_WHAT YOU ARE ASKED TO DO:_ Every line of the listing belongs in your answer exactly as written; the images do not.
───── SUPPLIED MATERIAL
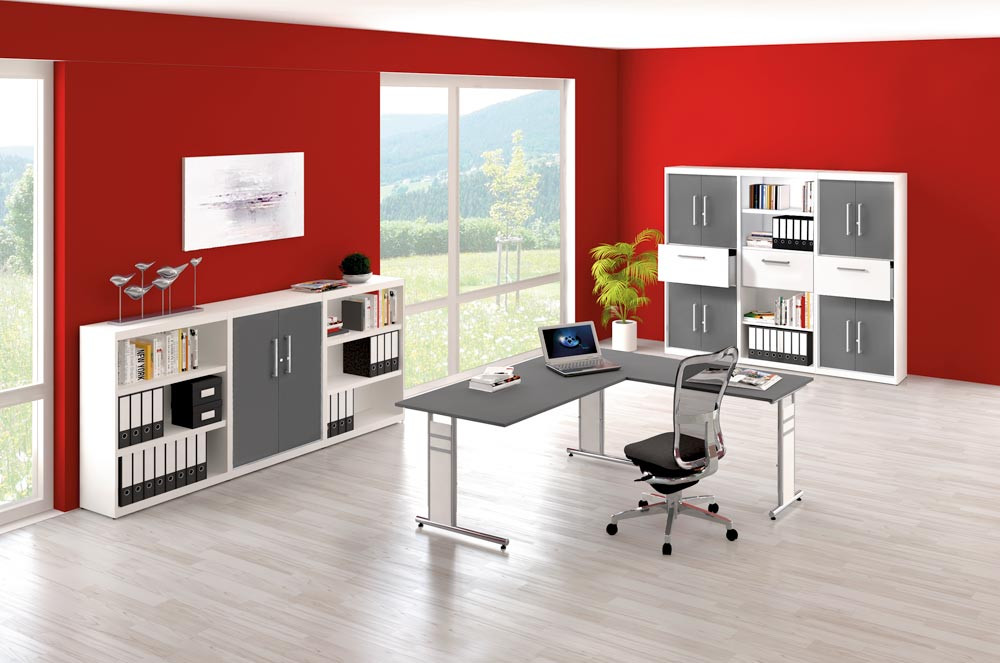 · Mit einem Anbautisch kann der Schreibtisch zu einer Eck-Kombination erweitert werden, z. B. für Besprechungen
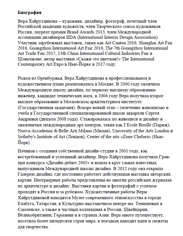 Напишите резюме с информацией о месте учебы, работы, о выставках, с указанием времени, места и названия. Используйте только ту информацию, которая в данном случае подходит к вашей творческой сфере деятельности. Наверняка вы участвовали в групповых выставках, мероприятиях.
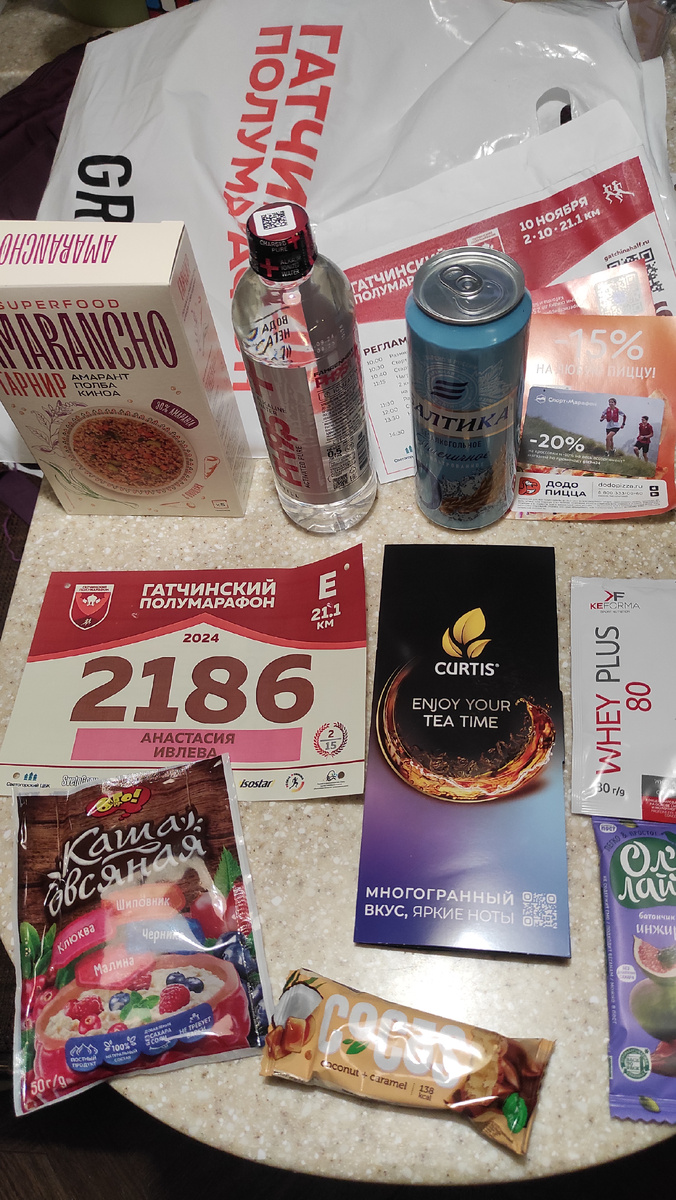 Сегодня я пробежала очередные "5верст" в своем родном парке, а уже завтра меня ждёт очередная половинка. Слот получен, с большим пакетом вкусняшек и полезностей, новые леггинсы и футболка с длинным рукавом куплены и жду Гатчинский забег, который я побегу шестой раз. Из этих забегов 21 километр я бежала лишь раз, остальные были по 10 километров. Для меня Гатчина имеет особое значение, первый массовый забег "десятки". Здесь я первый раз познала что такое "терпелка" и характер. Ветряная погода, промокшие ноги и невероятная поддержка на маршруте. В этот раз бегу 21 километр. Кстати на стартовом номере интересная пометка, сколько всего было стартов и какой по счету бежит спортсмен. У меня стоит цифра 2/15. Что ж погода должна быть ясной, но холодной +2 градуса. Поэтому скорее всего на лонгслив надену флиску. Бежать быстро мне совсем не хочется. Я вообще последнее время поняла, что быстрые старты - не мое. Но попробую, если пойдет, буду держаться назначенного тренером темпа. Если нет,
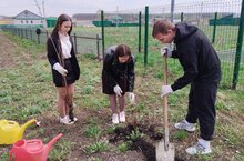 В рамках национального проекта "Экологическое благополучие" обучающиеся 11 класса МБОУ "Кильдюшевская СОШ" продолжают участвовать в конкурсе «Эковесна-2025». Сегодня в рамках акции "Сад памяти" высадили саженцы на территории школы.
──────────
_FINAL ANSWER:_
 · Mit einem Anbautisch kann der Schreibtisch zu einer Eck-Kombination erweitert werden, z. B. für Besprechungen
 Напишите резюме с информацией о месте учебы, работы, о выставках, с указанием времени, места и названия. Используйте только ту информацию, которая в данном случае подходит к вашей творческой сфере деятельности. Наверняка вы участвовали в групповых выставках, мероприятиях.
 Сегодня я пробежала очередные "5верст" в своем родном парке, а уже завтра меня ждёт очередная половинка. Слот получен, с большим пакетом вкусняшек и полезностей, новые леггинсы и футболка с длинным рукавом куплены и жду Гатчинский забег, который я побегу шестой раз. Из этих забегов 21 километр я бежала лишь раз, остальные были по 10 километров. Для меня Гатчина имеет особое значение, первый массовый забег "десятки". Здесь я первый раз познала что такое "терпелка" и характер. Ветряная погода, промокшие ноги и невероятная поддержка на маршруте. В этот раз бегу 21 километр. Кстати на стартовом номере интересная пометка, сколько всего было стартов и какой по счету бежит спортсмен. У меня стоит цифра 2/15. Что ж погода должна быть ясной, но холодной +2 градуса. Поэтому скорее всего на лонгслив надену флиску. Бежать быстро мне совсем не хочется. Я вообще последнее время поняла, что быстрые старты - не мое. Но попробую, если пойдет, буду держаться назначенного тренером темпа. Если нет,
 В рамках национального проекта "Экологическое благополучие" обучающиеся 11 класса МБОУ "Кильдюшевская СОШ" продолжают участвовать в конкурсе «Эковесна-2025». Сегодня в рамках акции "Сад памяти" высадили саженцы на территории школы.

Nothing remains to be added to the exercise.